[Stored items from a collection]
[Start of Attachment]
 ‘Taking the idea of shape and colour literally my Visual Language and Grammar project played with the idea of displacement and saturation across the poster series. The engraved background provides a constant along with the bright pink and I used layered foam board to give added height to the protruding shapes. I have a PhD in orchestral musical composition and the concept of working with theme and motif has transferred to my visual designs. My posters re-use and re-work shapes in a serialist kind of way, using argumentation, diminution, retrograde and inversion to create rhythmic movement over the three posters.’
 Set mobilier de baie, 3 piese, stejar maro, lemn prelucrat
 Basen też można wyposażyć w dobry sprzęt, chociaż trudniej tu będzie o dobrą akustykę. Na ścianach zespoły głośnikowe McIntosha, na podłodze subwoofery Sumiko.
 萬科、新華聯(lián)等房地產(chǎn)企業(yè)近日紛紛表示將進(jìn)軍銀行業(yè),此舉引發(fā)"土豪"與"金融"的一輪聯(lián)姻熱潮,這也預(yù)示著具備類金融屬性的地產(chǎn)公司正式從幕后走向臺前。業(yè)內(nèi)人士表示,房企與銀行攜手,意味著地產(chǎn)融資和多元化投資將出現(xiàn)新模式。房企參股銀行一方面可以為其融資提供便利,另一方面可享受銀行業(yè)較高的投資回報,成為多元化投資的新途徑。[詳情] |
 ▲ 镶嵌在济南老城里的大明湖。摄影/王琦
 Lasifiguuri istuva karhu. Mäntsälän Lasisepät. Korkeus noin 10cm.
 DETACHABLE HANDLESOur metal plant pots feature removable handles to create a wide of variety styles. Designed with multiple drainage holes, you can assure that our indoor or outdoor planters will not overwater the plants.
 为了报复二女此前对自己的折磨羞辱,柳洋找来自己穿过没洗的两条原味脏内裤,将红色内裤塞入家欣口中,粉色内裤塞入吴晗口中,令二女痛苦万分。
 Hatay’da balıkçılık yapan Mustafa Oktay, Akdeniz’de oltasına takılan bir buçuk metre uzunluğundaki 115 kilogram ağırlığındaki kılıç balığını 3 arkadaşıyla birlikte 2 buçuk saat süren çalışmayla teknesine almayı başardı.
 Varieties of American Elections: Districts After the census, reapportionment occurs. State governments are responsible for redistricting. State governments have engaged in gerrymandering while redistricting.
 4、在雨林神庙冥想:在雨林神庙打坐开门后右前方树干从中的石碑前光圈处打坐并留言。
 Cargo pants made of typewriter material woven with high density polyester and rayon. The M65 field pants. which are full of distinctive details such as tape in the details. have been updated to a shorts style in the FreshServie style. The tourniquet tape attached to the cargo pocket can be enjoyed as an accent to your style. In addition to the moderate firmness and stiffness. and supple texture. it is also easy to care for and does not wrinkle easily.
[End of Attachment]
> **What you will do**: Set down only the lines above that fall between the line holding "萬科、新華聯(lián)等房" and the line holding "为了报复二女此前对自己的折磨", inclusive, keeping each exact.

> **Finished task**:
 萬科、新華聯(lián)等房地產(chǎn)企業(yè)近日紛紛表示將進(jìn)軍銀行業(yè),此舉引發(fā)"土豪"與"金融"的一輪聯(lián)姻熱潮,這也預(yù)示著具備類金融屬性的地產(chǎn)公司正式從幕后走向臺前。業(yè)內(nèi)人士表示,房企與銀行攜手,意味著地產(chǎn)融資和多元化投資將出現(xiàn)新模式。房企參股銀行一方面可以為其融資提供便利,另一方面可享受銀行業(yè)較高的投資回報,成為多元化投資的新途徑。[詳情] |
 ▲ 镶嵌在济南老城里的大明湖。摄影/王琦
 Lasifiguuri istuva karhu. Mäntsälän Lasisepät. Korkeus noin 10cm.
 DETACHABLE HANDLESOur metal plant pots feature removable handles to create a wide of variety styles. Designed with multiple drainage holes, you can assure that our indoor or outdoor planters will not overwater the plants.
 为了报复二女此前对自己的折磨羞辱,柳洋找来自己穿过没洗的两条原味脏内裤,将红色内裤塞入家欣口中,粉色内裤塞入吴晗口中,令二女痛苦万分。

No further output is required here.